■ **EXERCISE PROMPT**
Transcribe exactly, and only, the lines from the one containing "洋铭区 2021新款ab版牛奶绒布丁绒四件套 布丁粉" through the end of the entries below, leaving the pictures out.
Start of MATERIAL FOR THIS TASK
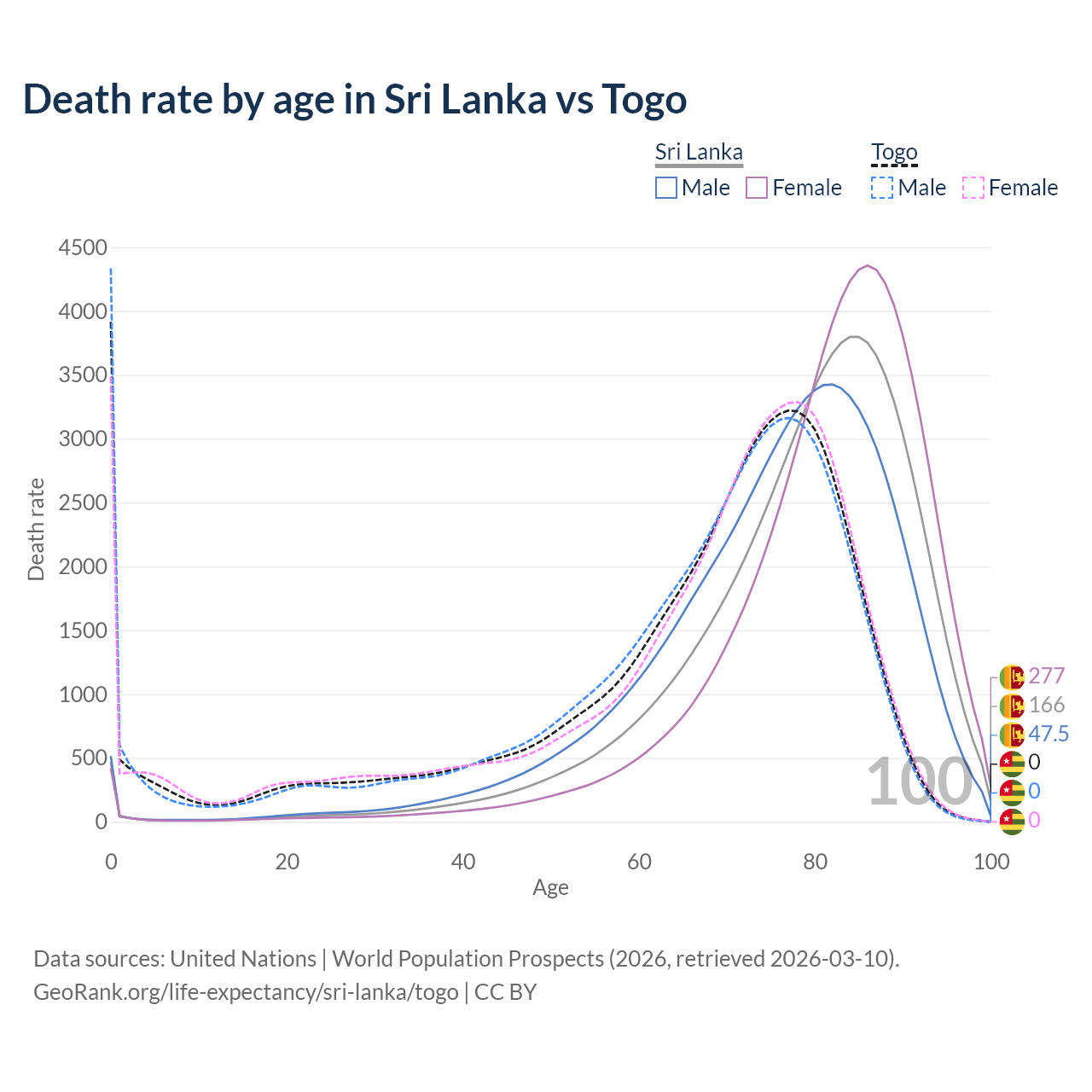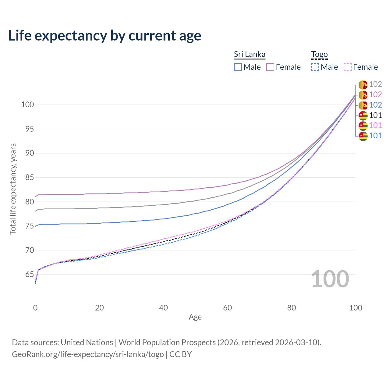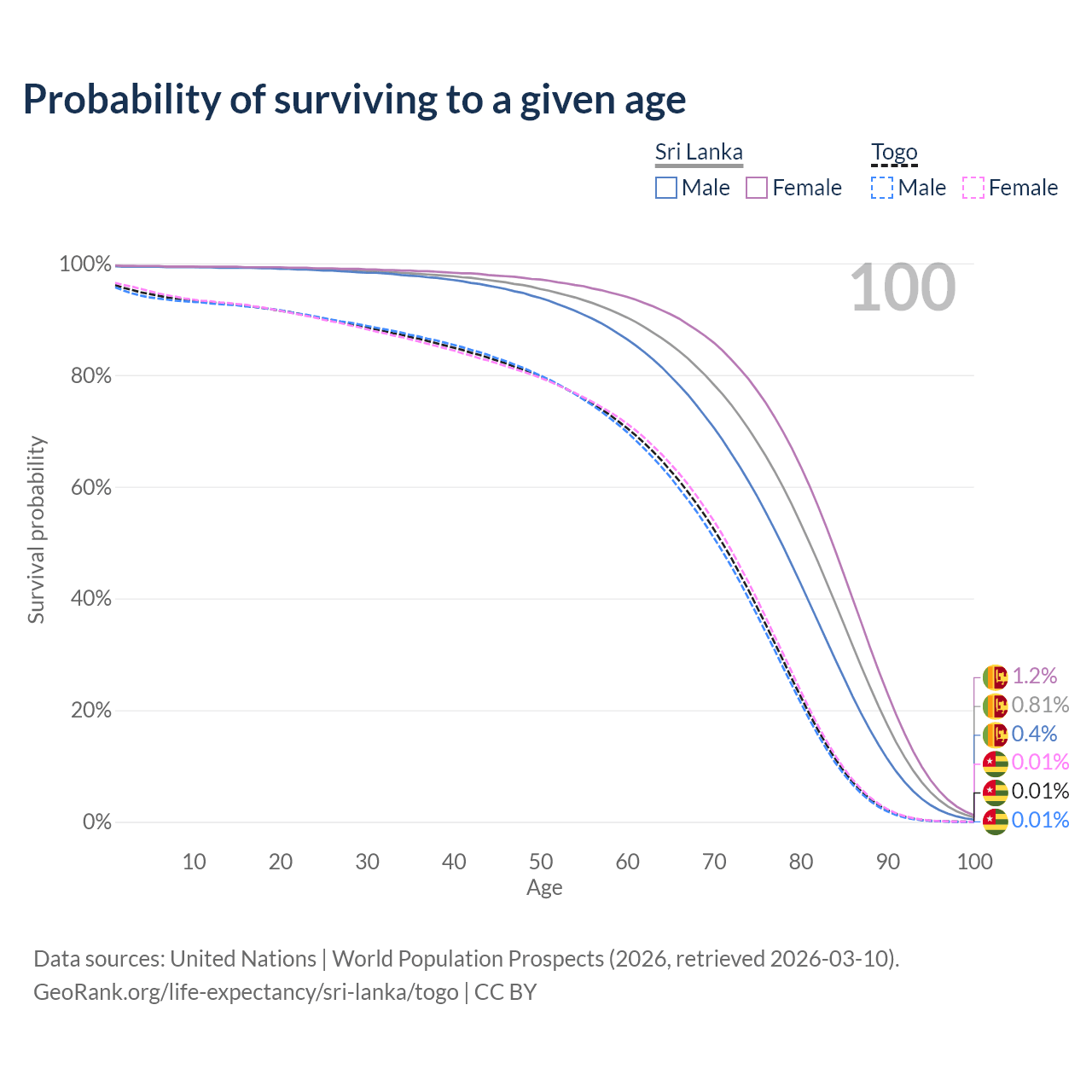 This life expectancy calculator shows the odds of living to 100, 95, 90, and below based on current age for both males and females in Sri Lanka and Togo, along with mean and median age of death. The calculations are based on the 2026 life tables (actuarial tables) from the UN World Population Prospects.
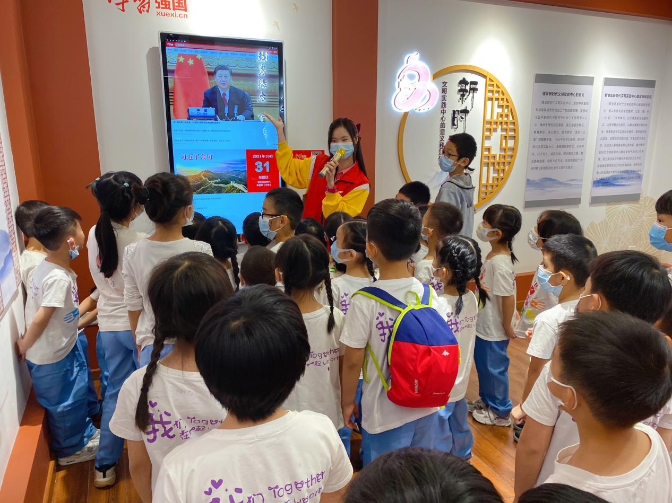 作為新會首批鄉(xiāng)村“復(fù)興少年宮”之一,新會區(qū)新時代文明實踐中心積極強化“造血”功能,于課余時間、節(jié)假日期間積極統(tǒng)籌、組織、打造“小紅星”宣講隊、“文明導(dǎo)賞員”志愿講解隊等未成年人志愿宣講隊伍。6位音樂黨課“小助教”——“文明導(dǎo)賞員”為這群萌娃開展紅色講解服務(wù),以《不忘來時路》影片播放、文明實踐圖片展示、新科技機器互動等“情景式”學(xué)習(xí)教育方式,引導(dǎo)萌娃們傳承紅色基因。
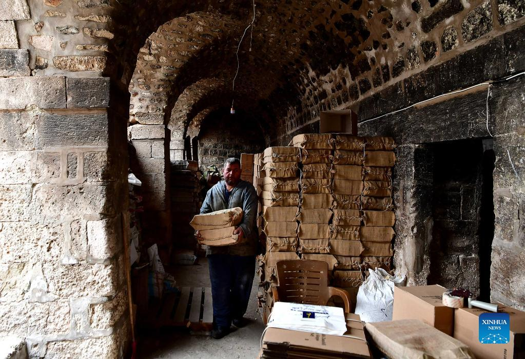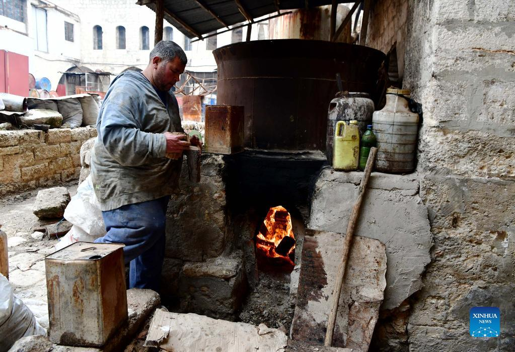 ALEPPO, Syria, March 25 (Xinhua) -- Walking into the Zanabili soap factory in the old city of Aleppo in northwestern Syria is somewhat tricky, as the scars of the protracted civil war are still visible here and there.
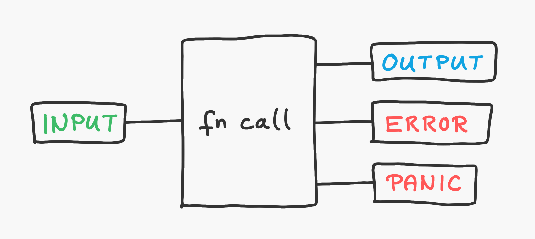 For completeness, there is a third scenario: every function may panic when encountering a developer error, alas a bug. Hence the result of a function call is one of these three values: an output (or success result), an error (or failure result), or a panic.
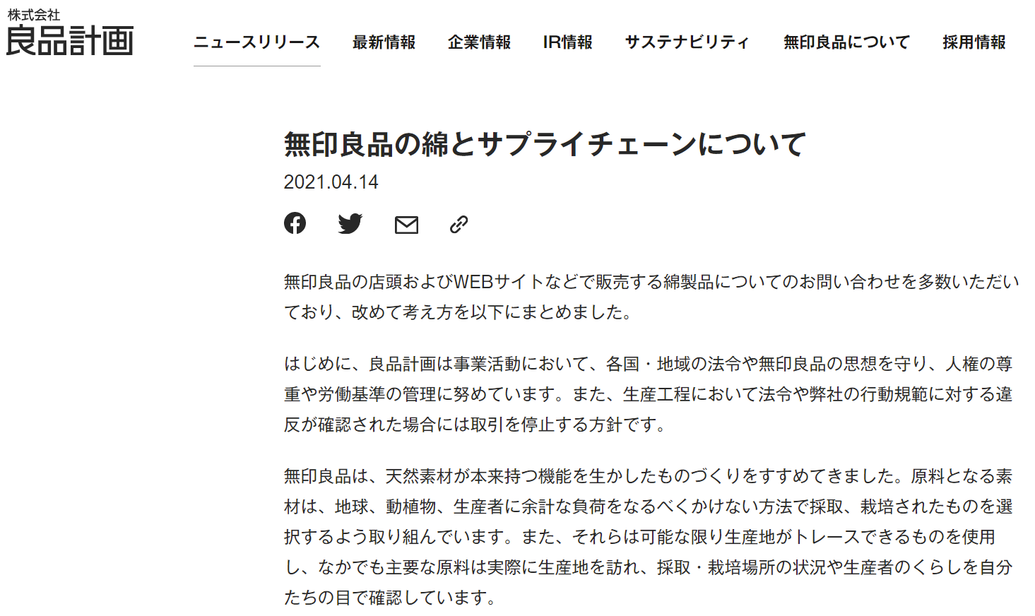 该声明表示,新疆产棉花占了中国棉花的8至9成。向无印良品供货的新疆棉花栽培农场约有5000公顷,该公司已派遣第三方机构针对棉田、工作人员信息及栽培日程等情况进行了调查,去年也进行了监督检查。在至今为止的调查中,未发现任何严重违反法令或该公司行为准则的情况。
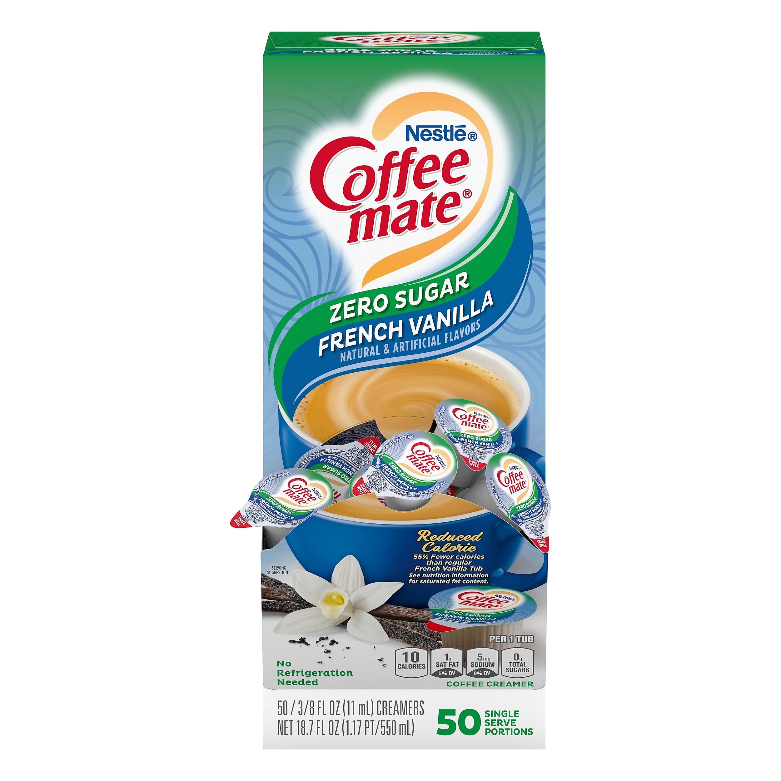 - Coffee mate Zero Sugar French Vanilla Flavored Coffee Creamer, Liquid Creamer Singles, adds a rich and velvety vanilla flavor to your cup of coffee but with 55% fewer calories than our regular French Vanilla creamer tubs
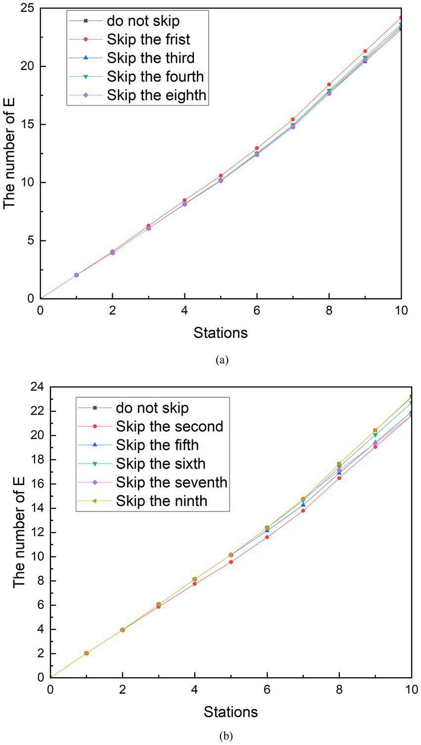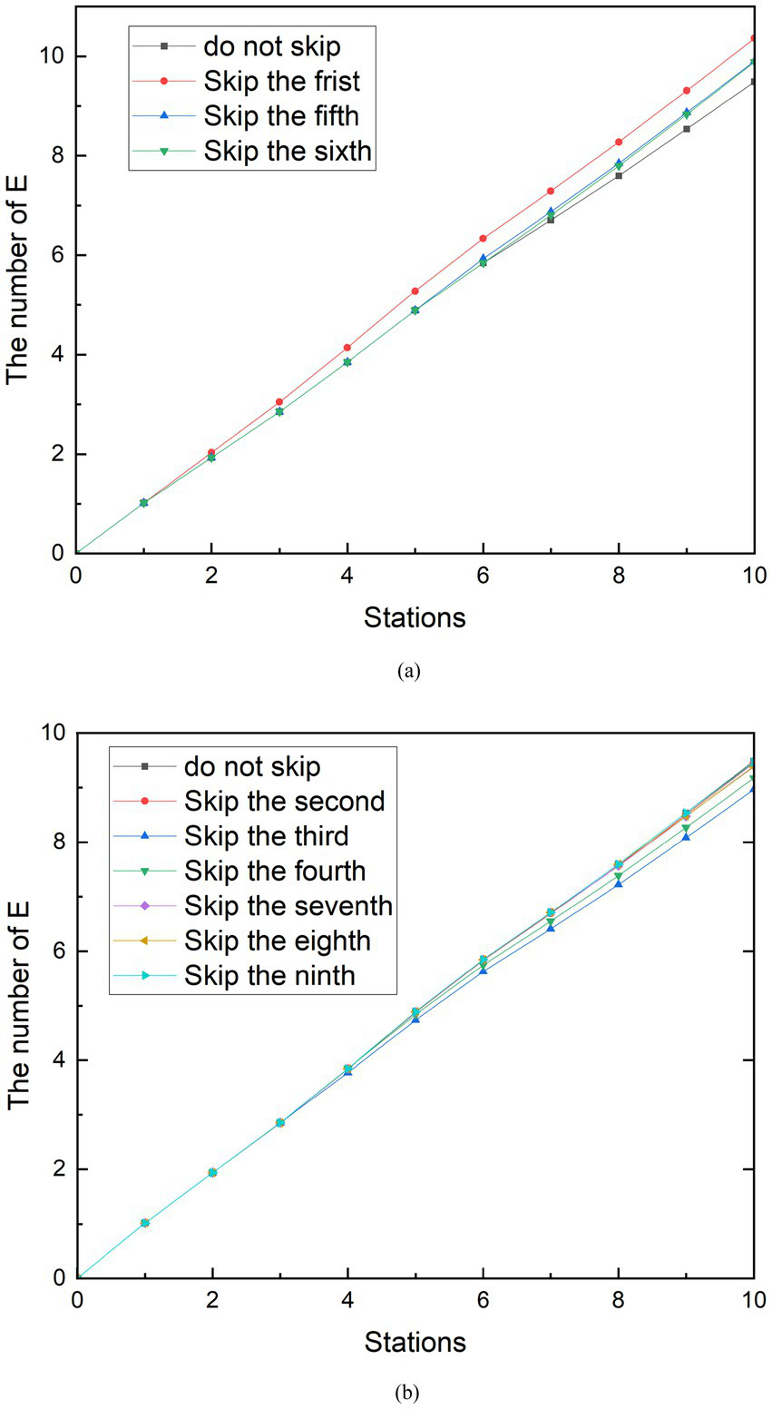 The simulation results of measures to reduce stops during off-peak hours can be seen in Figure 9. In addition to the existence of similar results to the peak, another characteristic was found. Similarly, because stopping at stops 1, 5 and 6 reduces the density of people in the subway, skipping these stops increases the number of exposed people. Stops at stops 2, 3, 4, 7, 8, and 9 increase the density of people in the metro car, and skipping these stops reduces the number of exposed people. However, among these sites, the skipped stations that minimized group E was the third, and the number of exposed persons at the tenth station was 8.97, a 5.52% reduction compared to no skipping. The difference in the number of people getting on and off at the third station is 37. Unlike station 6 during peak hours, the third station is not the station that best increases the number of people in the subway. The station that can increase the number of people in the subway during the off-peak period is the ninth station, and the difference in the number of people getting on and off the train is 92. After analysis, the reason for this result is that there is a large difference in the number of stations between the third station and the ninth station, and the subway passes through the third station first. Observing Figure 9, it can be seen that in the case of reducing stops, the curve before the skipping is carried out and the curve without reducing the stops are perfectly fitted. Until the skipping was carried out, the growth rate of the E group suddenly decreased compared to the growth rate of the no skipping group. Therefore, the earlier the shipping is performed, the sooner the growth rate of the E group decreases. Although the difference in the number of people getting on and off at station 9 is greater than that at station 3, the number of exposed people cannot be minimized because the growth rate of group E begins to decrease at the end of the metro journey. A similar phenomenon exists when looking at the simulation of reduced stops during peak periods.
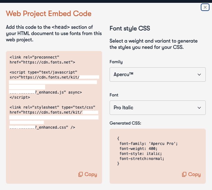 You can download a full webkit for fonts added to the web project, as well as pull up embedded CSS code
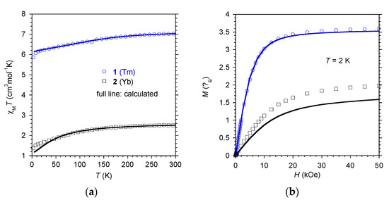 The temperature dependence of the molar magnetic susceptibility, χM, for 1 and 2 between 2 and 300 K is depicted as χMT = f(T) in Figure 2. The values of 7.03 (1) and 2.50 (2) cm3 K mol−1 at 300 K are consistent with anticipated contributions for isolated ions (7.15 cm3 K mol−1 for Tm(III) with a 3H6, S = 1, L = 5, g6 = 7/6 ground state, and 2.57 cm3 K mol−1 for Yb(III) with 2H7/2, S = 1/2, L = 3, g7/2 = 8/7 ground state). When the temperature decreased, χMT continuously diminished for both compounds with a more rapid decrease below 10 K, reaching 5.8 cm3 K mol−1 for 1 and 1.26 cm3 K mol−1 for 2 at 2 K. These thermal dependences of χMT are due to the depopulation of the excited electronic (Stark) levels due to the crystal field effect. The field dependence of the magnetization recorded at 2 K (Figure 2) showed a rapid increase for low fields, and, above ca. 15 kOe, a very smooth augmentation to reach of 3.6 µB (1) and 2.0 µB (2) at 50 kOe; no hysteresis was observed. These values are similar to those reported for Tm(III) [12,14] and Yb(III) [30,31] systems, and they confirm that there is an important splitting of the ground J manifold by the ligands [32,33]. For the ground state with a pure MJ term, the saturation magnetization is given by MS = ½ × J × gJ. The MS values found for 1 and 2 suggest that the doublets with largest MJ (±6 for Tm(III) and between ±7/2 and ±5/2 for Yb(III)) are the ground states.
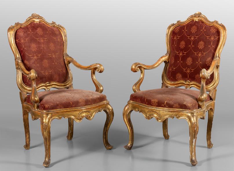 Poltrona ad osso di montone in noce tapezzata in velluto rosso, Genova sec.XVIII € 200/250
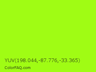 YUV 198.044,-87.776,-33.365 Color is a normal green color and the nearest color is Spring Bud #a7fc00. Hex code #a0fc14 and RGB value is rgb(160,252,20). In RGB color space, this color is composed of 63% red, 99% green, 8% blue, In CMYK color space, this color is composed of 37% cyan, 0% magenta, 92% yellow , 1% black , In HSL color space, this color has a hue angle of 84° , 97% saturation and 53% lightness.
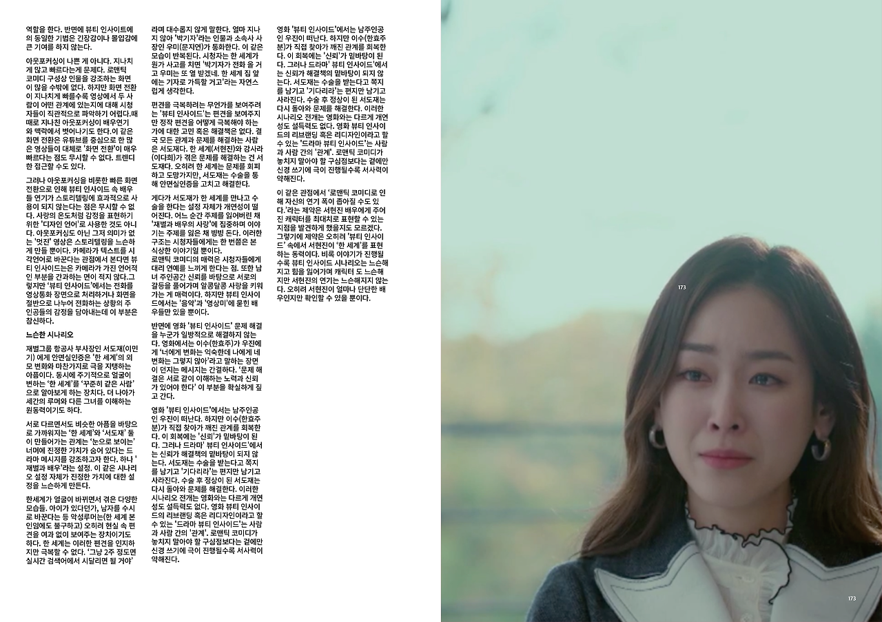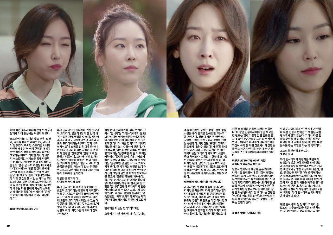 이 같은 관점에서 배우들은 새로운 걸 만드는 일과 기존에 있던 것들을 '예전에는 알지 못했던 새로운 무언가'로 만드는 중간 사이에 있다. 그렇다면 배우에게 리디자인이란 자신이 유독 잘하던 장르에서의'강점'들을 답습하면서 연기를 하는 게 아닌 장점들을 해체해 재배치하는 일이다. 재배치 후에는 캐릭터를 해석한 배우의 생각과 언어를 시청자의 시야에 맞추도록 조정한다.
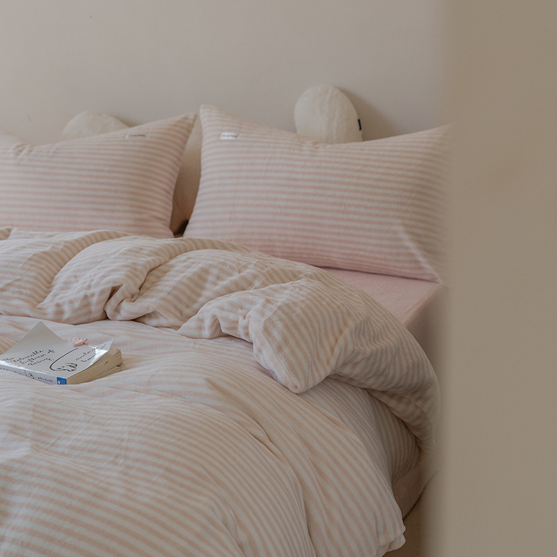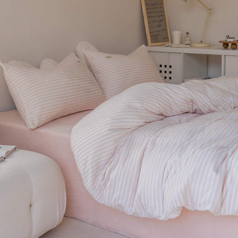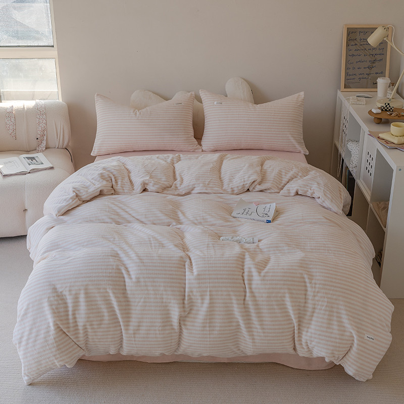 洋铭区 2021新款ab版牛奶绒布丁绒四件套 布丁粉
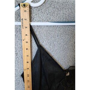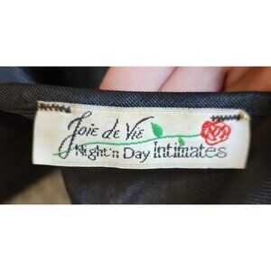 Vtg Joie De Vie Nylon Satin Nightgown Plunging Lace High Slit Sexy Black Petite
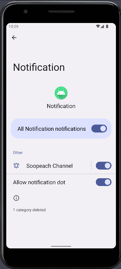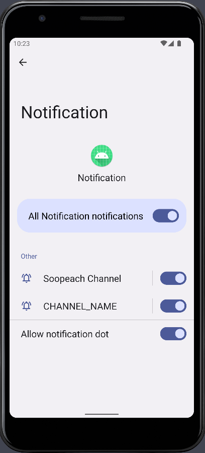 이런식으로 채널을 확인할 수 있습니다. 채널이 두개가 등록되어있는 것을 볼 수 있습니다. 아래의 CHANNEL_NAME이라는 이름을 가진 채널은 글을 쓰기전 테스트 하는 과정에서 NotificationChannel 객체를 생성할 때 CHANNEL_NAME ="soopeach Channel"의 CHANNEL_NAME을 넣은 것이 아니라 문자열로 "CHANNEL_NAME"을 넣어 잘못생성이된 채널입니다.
End of MATERIAL FOR THIS TASK
■ **RESPONSE**
 洋铭区 2021新款ab版牛奶绒布丁绒四件套 布丁粉
 Vtg Joie De Vie Nylon Satin Nightgown Plunging Lace High Slit Sexy Black Petite
 이런식으로 채널을 확인할 수 있습니다. 채널이 두개가 등록되어있는 것을 볼 수 있습니다. 아래의 CHANNEL_NAME이라는 이름을 가진 채널은 글을 쓰기전 테스트 하는 과정에서 NotificationChannel 객체를 생성할 때 CHANNEL_NAME ="soopeach Channel"의 CHANNEL_NAME을 넣은 것이 아니라 문자열로 "CHANNEL_NAME"을 넣어 잘못생성이된 채널입니다.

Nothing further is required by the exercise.